_Supplied entries:_
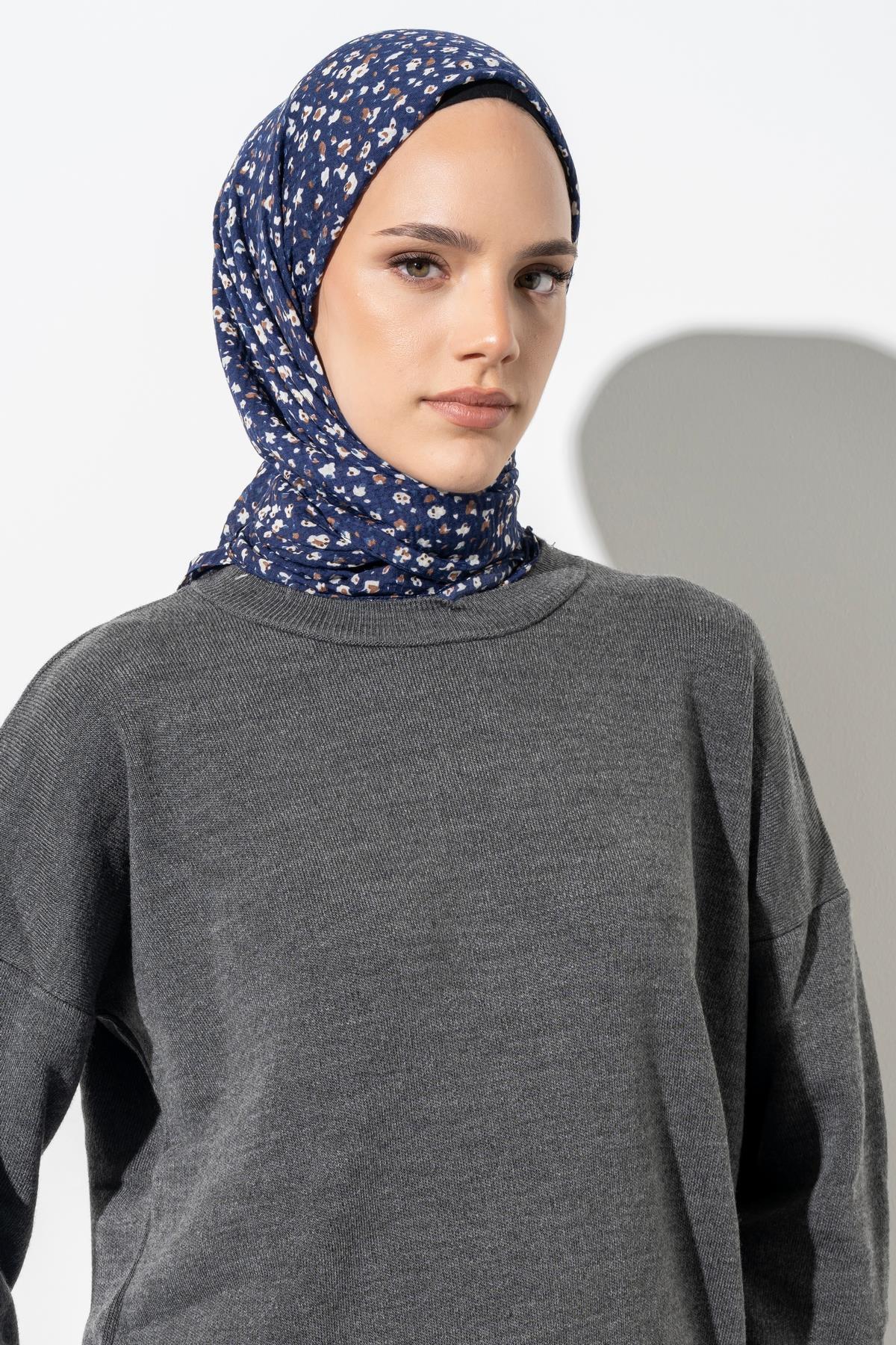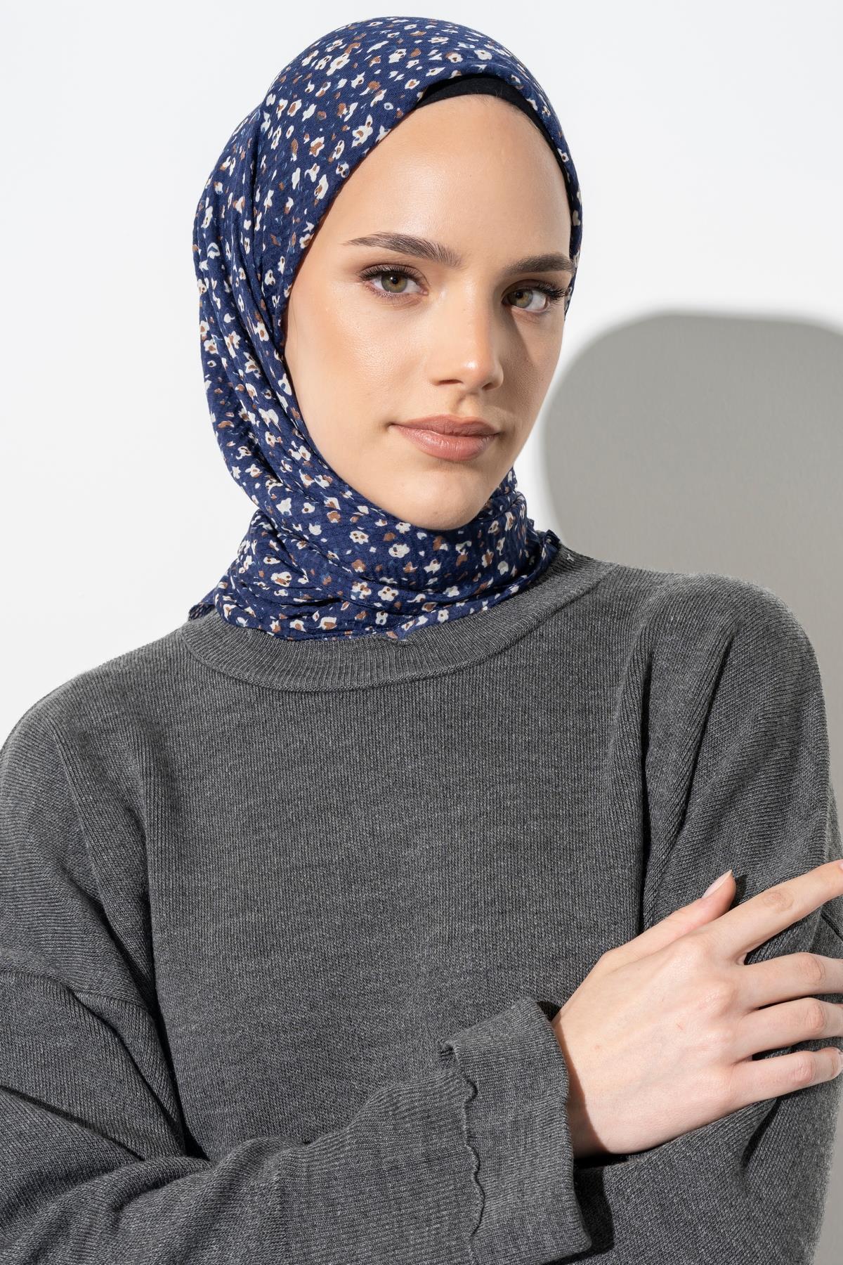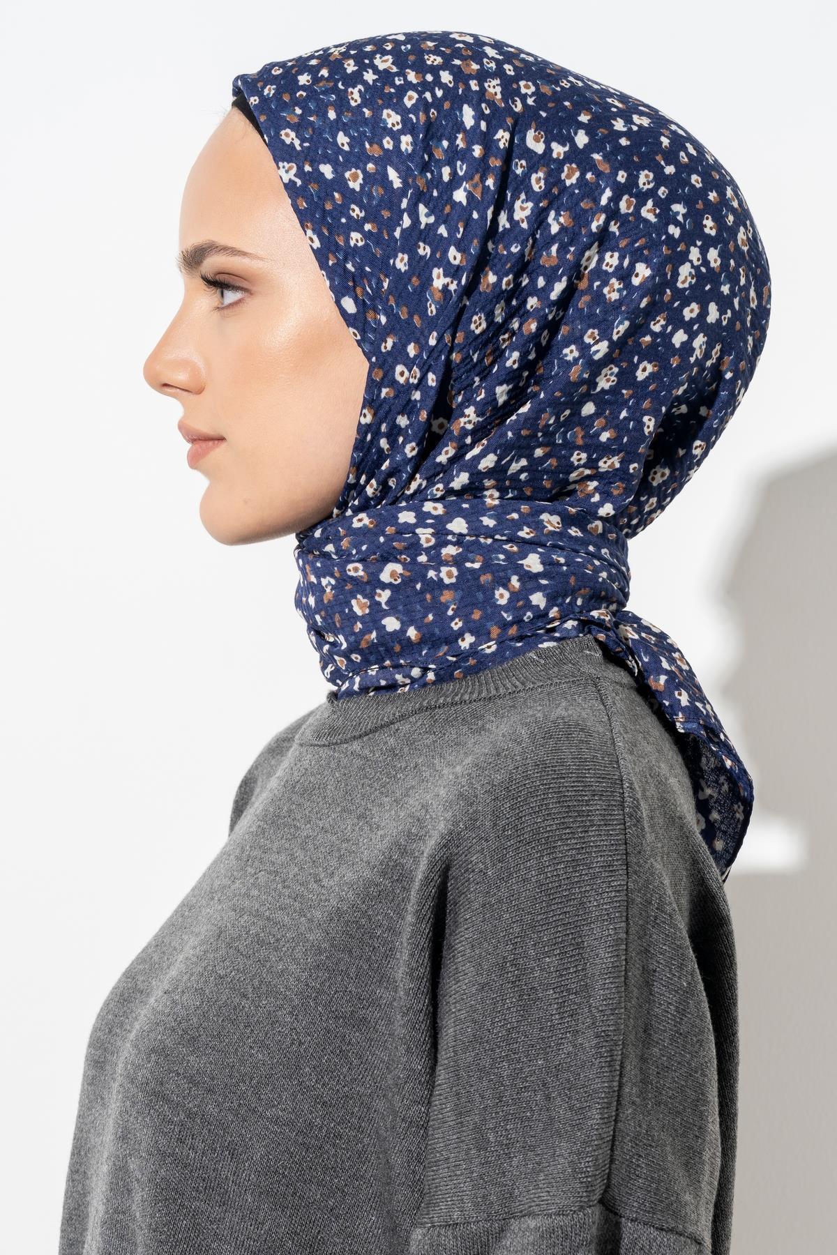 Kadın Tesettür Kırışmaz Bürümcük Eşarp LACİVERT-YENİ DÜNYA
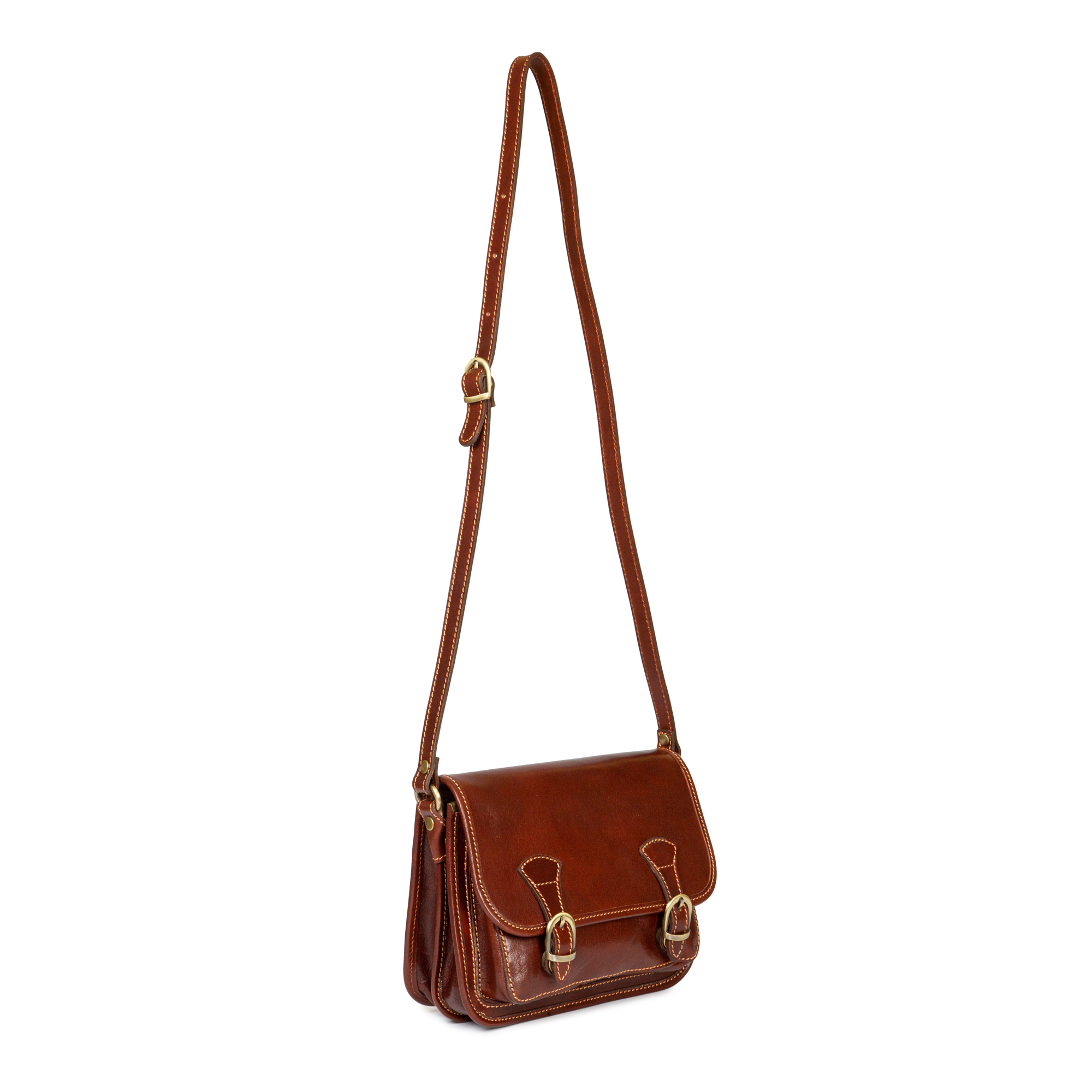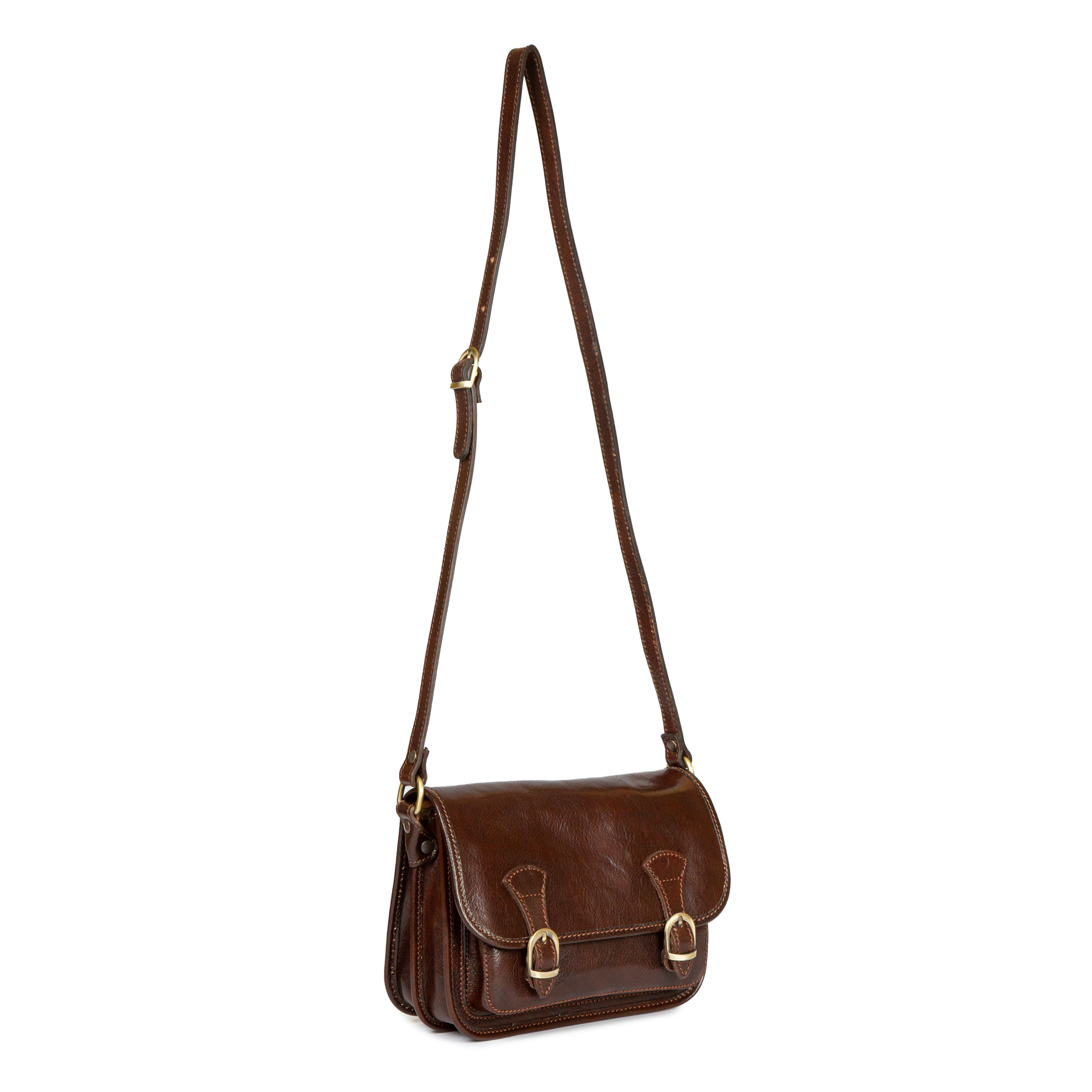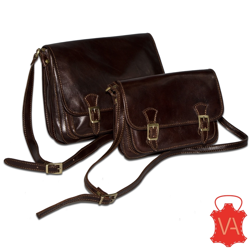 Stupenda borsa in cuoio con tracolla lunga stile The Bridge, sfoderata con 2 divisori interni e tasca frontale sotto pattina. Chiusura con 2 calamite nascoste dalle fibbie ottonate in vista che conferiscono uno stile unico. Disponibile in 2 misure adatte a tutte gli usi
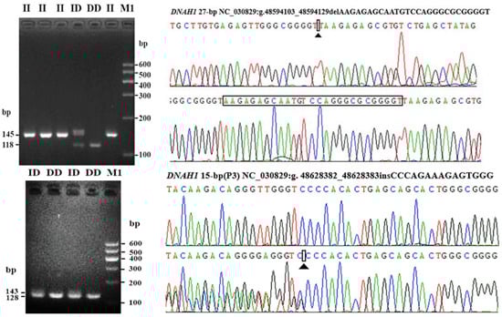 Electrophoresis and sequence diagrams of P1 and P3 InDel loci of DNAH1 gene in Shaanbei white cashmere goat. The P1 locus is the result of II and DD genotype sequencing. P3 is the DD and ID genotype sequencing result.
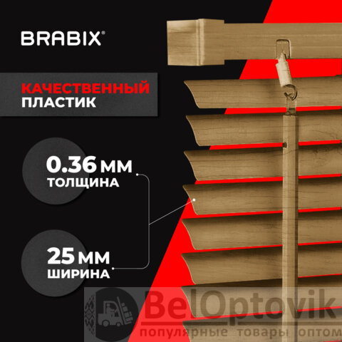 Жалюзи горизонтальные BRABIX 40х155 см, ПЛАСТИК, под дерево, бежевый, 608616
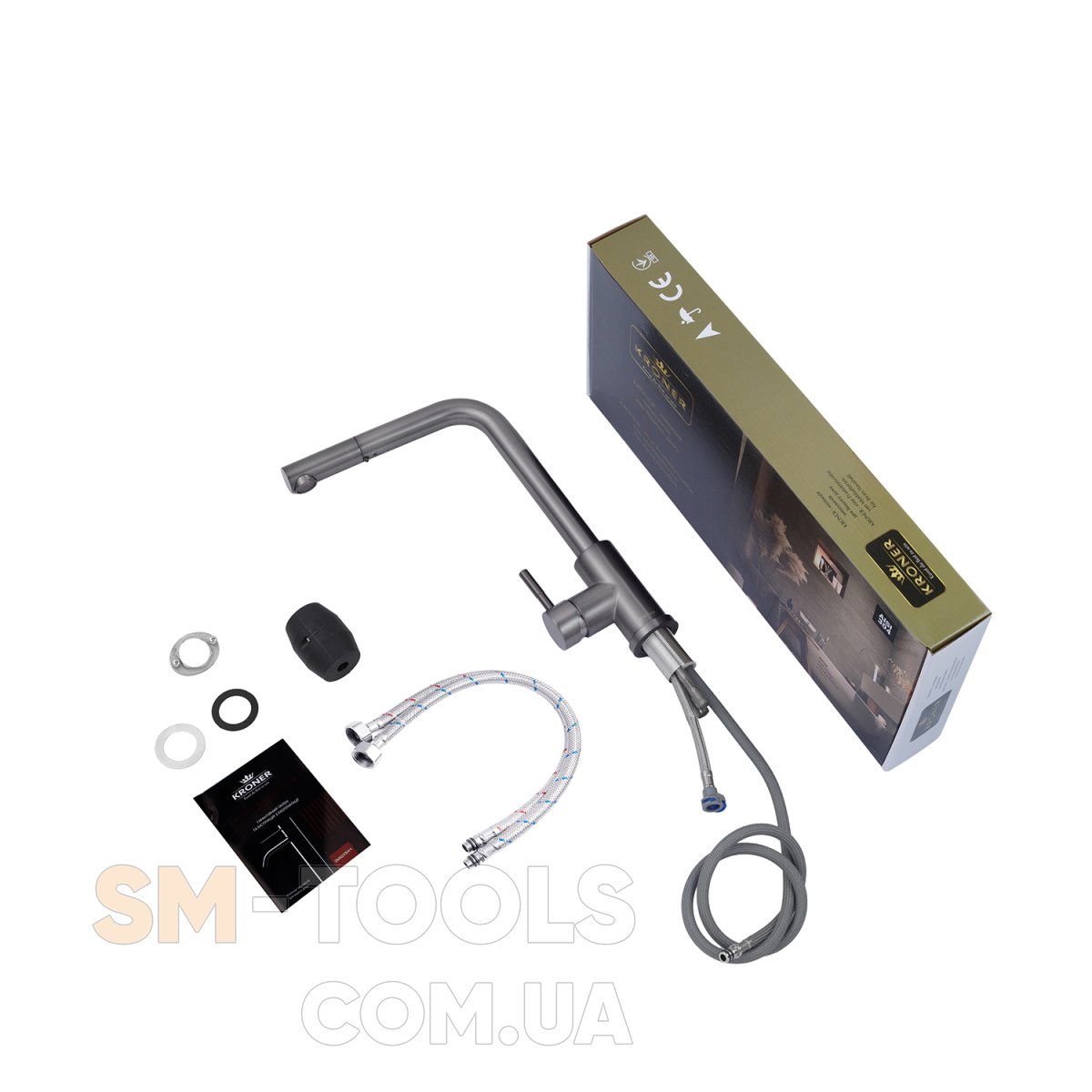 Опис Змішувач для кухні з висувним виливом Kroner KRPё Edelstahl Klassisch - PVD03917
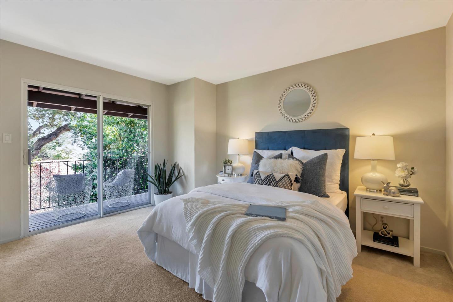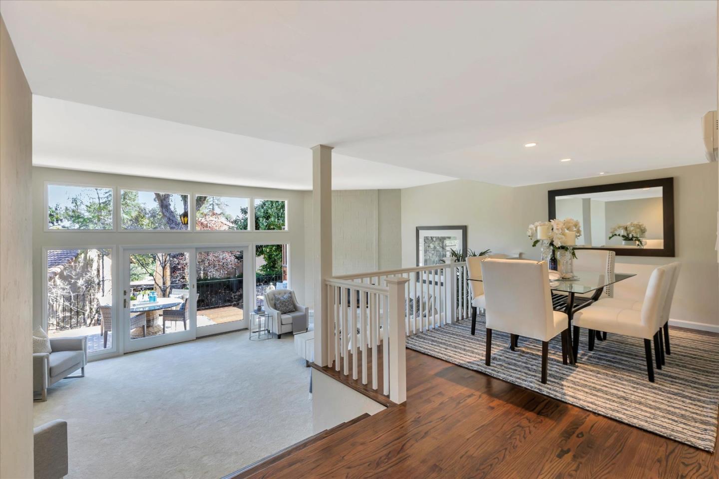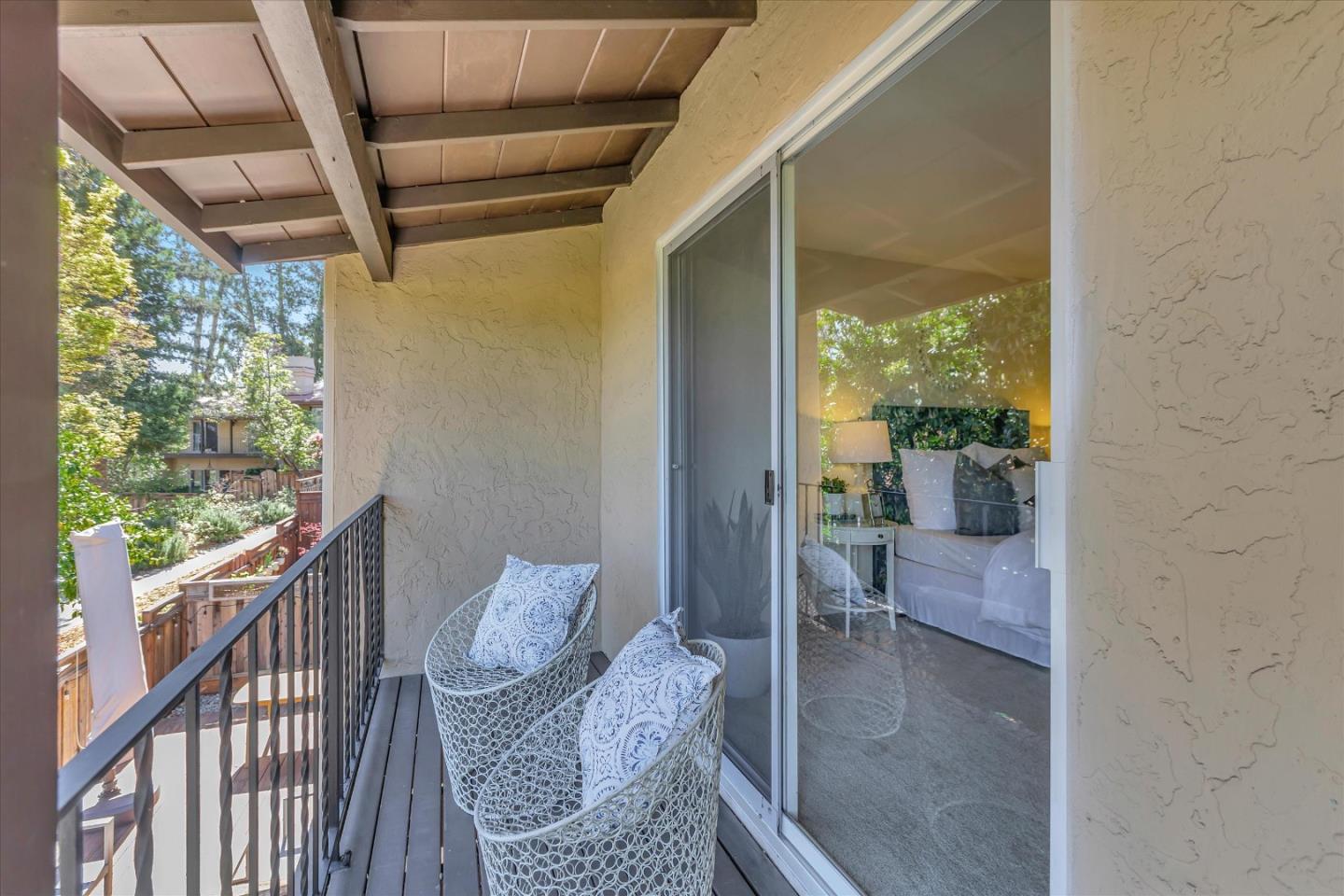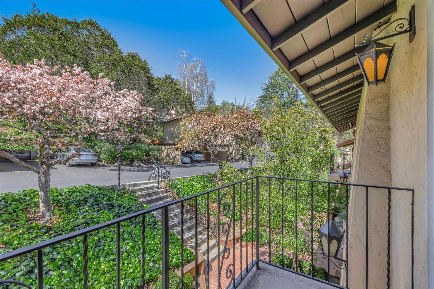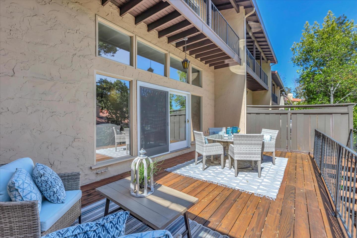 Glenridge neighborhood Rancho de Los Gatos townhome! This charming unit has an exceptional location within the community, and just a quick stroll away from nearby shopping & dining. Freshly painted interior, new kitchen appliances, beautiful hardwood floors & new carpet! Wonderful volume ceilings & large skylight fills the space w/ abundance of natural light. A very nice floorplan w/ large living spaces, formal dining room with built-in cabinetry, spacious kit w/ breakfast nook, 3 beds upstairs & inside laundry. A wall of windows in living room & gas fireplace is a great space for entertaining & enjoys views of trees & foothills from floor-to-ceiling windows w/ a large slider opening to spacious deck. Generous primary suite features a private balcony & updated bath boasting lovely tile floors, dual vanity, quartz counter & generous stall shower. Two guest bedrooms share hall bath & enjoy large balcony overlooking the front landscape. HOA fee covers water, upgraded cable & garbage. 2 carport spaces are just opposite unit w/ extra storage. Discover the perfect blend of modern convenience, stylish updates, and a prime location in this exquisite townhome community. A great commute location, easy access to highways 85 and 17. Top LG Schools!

_Required work:_ Using the data above, set down each line from the line with "Жалюзи горизонтальные BRABIX" to the line with "Опис Змішувач для" exactly, both ends included, and leave the pictures behind. Nothing else belongs.

_Completed task:_
 Жалюзи горизонтальные BRABIX 40х155 см, ПЛАСТИК, под дерево, бежевый, 608616
 Опис Змішувач для кухні з висувним виливом Kroner KRPё Edelstahl Klassisch - PVD03917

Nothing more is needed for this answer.